That line cracks me up, silly as that might sound. I saw a few those today after having gone to a Postsecret exhibit at the Hillyer. I'm glad I got to go since tomorrow's the last day for it. It was nice getting to see it again live since it's been a long time since I went to one, 3 yrs now actually. I was still living in Hampton around that time and drove 3 hrs just to see it, along with FOUND. I got teary reading some of the impromptu made ones. They left some papers out and crayons out for people to write their secrets and I'd say about 6 walls were covered with these secrets. I didn't make any, it was enough just to see others' because I already see myself in some of them. One made a comment how the secrets are full of sadness. From what it seems though, I think it's the sadness or the negative emotions that one tries to let go while holding on to happiness as much as we can. I know there has to be balance but I think we can relate more on each other's pain more than anything, it's one of the basic emotions that shows we're all the same.

So I did that and stopped by Dupont Circle afterwards, and grabbed Ben and Jerry's ice cream and sat down and read The Onion. I originally had plans but it didn't fall through, and come around the time I was supposed to meet, I was glad it didn't happen since I felt tired and just wanted to go home. Still have a bit to go in getting the apartment set up but no rush on that, working on my room at least so I'll know where everything is once again.

Yesterday, I took my mom to Ruby Tuesday since she's never been to one. She thought it was okay, but I think it was mainly due to her ribs being dry. She told me about it but not til after having eaten it so I asked why she didn't say anything sooner. I'll admit I get agitated with her sometimes, it really feels like we've switched roles. After that though, we just sat out by the parking lot and goofed off a bit. I was debating what to do about my phone situation since I'm trying to go simpler with mine. I ended up getting one off of Amazon, a more basic phone than the iPhone so I can get rid of the data plan, and just use it for the basic stuff. I'll probably miss the Google maps but I'll manage, I've lived okay without having one of those as much as it has been helpful.

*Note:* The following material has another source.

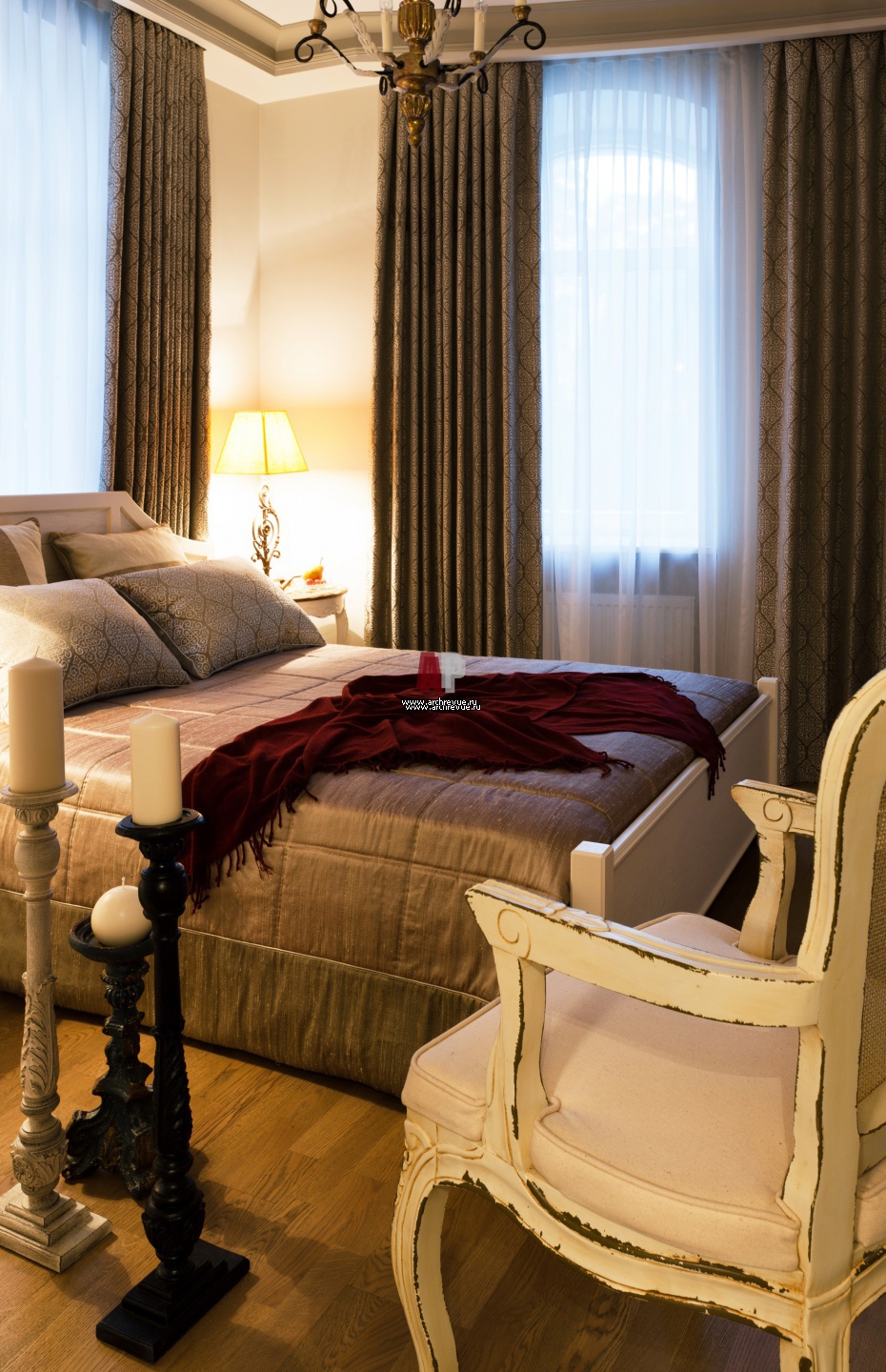 Спальня дедушки в пастельных тонах. Кресло, кровать, тумбочки, комод, WonderWood. Настольные лампы, Mis en Demeure. Люстра, Savoy House.
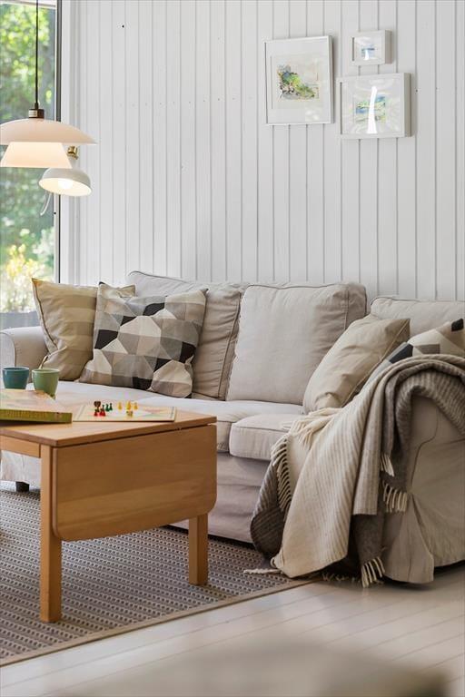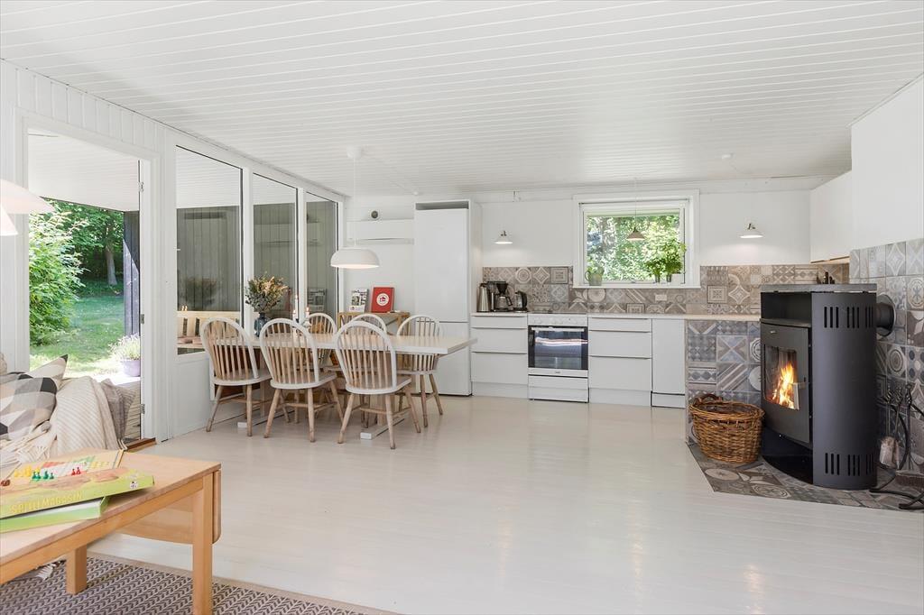 Den rummelige stue inviterer dig til at synke ned i den komfortable sofa, måske med en god bog eller bare for at nyde selskabet. Med åben forbindelse til køkkenet er der mulighed for at kokkerere lækre måltider, mens du fortsat er en del af samtalen.

Oh, I never got to mention it but where I'm temporarily working, there's a lake on the side of the building and there's this family of 5 ducks. I might take a picture but in the morning when I pass them by, it brings a smile on my face that I just wanna sit there and watch 'em. Animals just seem so peaceful sometimes. It doesn't look like they have a care in the world but to just be, and get their basic needs met. No dreams they try to achieve, no wrongdoings they feel guilty about, but to just be and exist. But then, we're animals too. Does one ever achieve that kind of peace though? At times, I'd like to think I get a glimpse of it. There's just this wave of feeling that comes over you, and you're just at ease with the world, and how things are. Perhaps it's just a matter of being able to go back to that place more.

Tuesday, June 23, 2009

Here it is

The beard's all gone after having shaved it Monday morning....

To whom should I write

Well, I figured I'd write a little something while I'm recovering from lunch. I did record a vid to post instead but we don't have internet yet at the new place. I think I might have mentioned that we're moving to a different apartment which happened this Saturday. Had some complications with the movers I initially hired, so had to call around last-minute to find a different one. They didn't get there til 7 though, and the move in all took 5 hrs. I seriously wanted to leave for a drink and get wasted lol It was just so tiring having been up since 8 that morning and not moving til 7 at night.

But it's done with so definitely glad about that. We had to come back yesterday and pick up the rest of the stuff and clean the apartment. Now, it's just a matter of getting the new one organized. I definitely won't be moving anytime soon again. It's in a good location since I'm nearby the major interstate.

I'm "temping" once again for another slot that my company has for the agency we work for. It's nice since I get to learn new stuff. And the eye candy too! There's a lot of mil guys here so it's cool just to see 'em. I'm sharing a cube with this one girl and I love her already :) She's pretty funny so we'd just talk about some random stuff.

Aside from the move, things have been quiet. My tennis lessons started last weekend but the first one got cancelled since it rained hard Saturday morning. Then the swimming class starts next week. Catching concerts here and there as well. I got to see Santigold and Peaches so that was nice.

I think I'll still post the vid tonight. I grew a mini-beard but ended up shaving it yesterday. Everyone's like 'whoooa, kris is becoming a man!' or ask me why I'm growing it. Really no reason but to change it up a bit. A pic when it was growing...

Wednesday, June 3, 2009

Gottabe unstoppable

Saw this vid today and it just made me smile. I'm actually seeing Santigold next week at 9:30 Club, yay! I'm even more excited.

Monday, June 1, 2009

the mall

This past weekend was actually my memorial day since I actually worked the holiday so I can have Friday off instead. It wasn't bad at all, since I had one customer come by since he needed help with his account. It gave me pretty much all day to read Yes Man which I did not know existed until recently. I enjoyed it, it was a light read of all this one guy's experiences after he became more open to the world, and said yes to pretty much everything afterwards. Just got me thinking how I wasn't as open as I could have been when I was in Japan, but oh well coulda, woulda, shoulda.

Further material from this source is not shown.